Randy, I want to ask you about something you said about Begg in your last comment. I didn't know about the circumstantial evidence that Begg may have been involved in financial shenanigans back in the UK. And I am grateful to you for drawing it to my attention. But I don't remember you mentioning weapons before. Is this something you can tell me where to read about?
At the risk of being repetitious, if Bush had let those captives for whom there wasn't enough evidence to strip them of POW status before a competent tribunal continue to be treated as POWs, then Begg would still be out of circulation, and could be kept out of circulation until Afghanistan was peaceful -- another decade most likely.
As to risks, and the preponderance of evidence...
Have you ever looked at the [RISKS digest? Risks are funny things. And, in general, we don't manage them well. Just look at the stupid, counter-productive, and, if you don't mind me saying so -- hysterical reaction to 9-11. Making all airline passengers take off their shoes for instance. I am on the safety committee in the building where I live. I am one of the volunteers who respond to fire alarms. Well, the fire plan we had to file with the fire department says that whenever the alarm goes off we have to go on the P.A. and tell everyone to evacuate the building. We have to tell them to evacuate even if we know what triggered the alarm. 99% of the alarms are false alarms, or a cooking pot, left on the stove, and not a real fire. Human nature being what it is we never get more than 20 % of the people leaving. And sometimes less than 5%. We have never had a realistic fire alarm. Human nature being what it is it would not only be more convenient if we told people to stay in their unit, unless we told them specifically to evacuate, but, in general, they would be safer. The current plan trains people not to respond to the many false alarms. If we only told them to evacuate when there was a real risk if we told them to evacuate we would get more than 20% responding. But the naive instruction that everyone should leave on every alarm is safe for the career of the people who wrote it and the fire officials who approved it. And I think it is the same for an alarming number of decisions made in the war on terror.
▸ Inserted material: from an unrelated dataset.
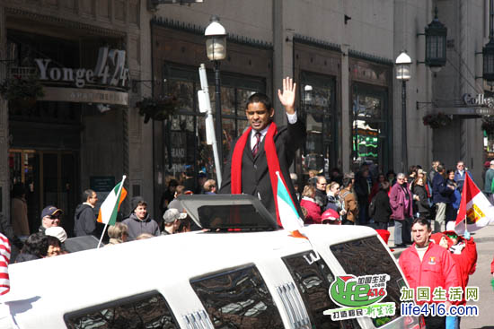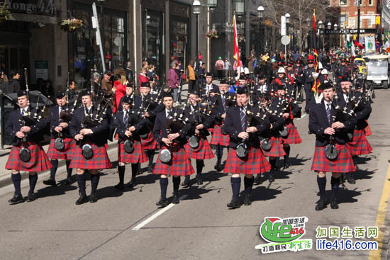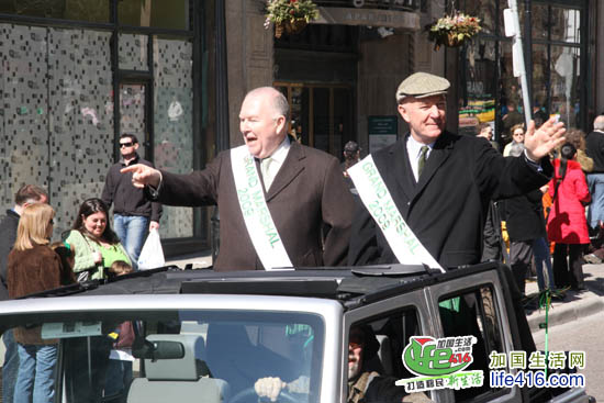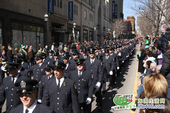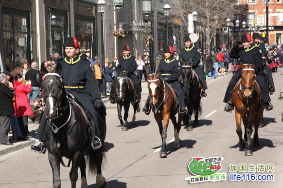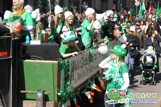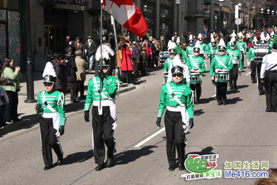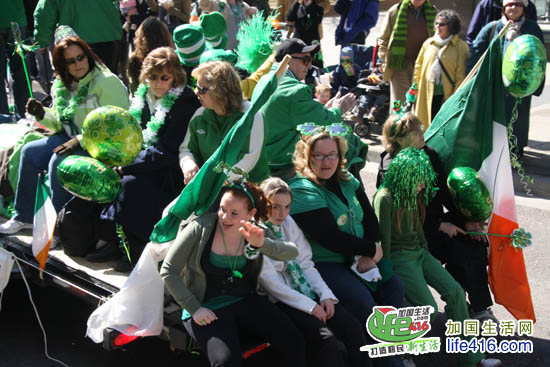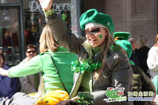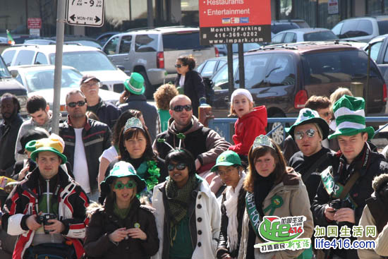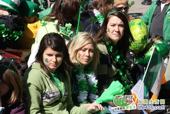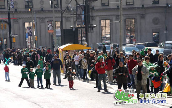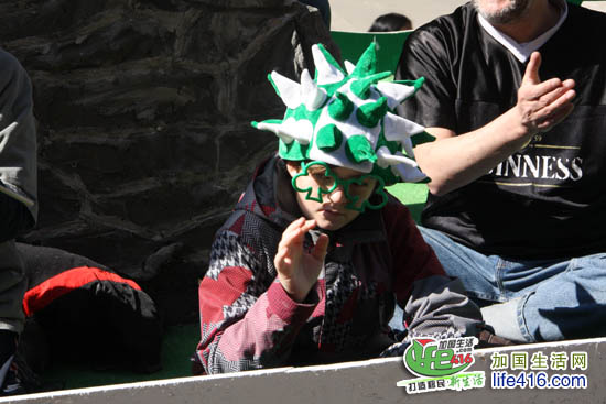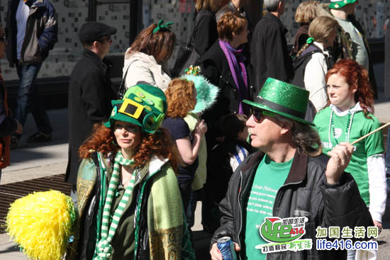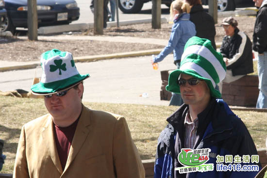 【加国生活网】2009年第22届St. Patrick's Day 于2009年3月15日星期天中午12点在多伦多市中心举行,同以往几届一样,游行路线从Bloor街出发,沿着Yonge街一路南下,到Queen街结束。由于St. Patrick's Day 起源于五世纪末期爱尔兰,用于纪念爱尔兰守护神St. Patrick,三叶苜蓿的绿色是这个节日的形象色,所以每年的St. Patrick's Day大游行的时候,多伦多街头变成了绿色的海洋,许多创意独特的“绿帽子”点缀其中,成为St. Patrick's 大游行一道亮丽的风景线:

Guantanamo has been very costly. I estimated Guantanamo cost $100,000,000? I recently read an article by a general who visited there, who said it cost $100,000,000 a year to run -- not counting the construction costs, and IIRC, not counting salaries. You probably came across the recent article where an American newspaper were able to find, with very little effort, the Afghan witnesses that a Tribunal President had ruled were not reasonably available. Think about it. $500,000,000. There was a false economy here. The USA could have saved millions of dollars, maybe hundreds of millions of dollars, if they had spent some money to find the external witnesses the Tribunal Presidents ruled "not reasonably available".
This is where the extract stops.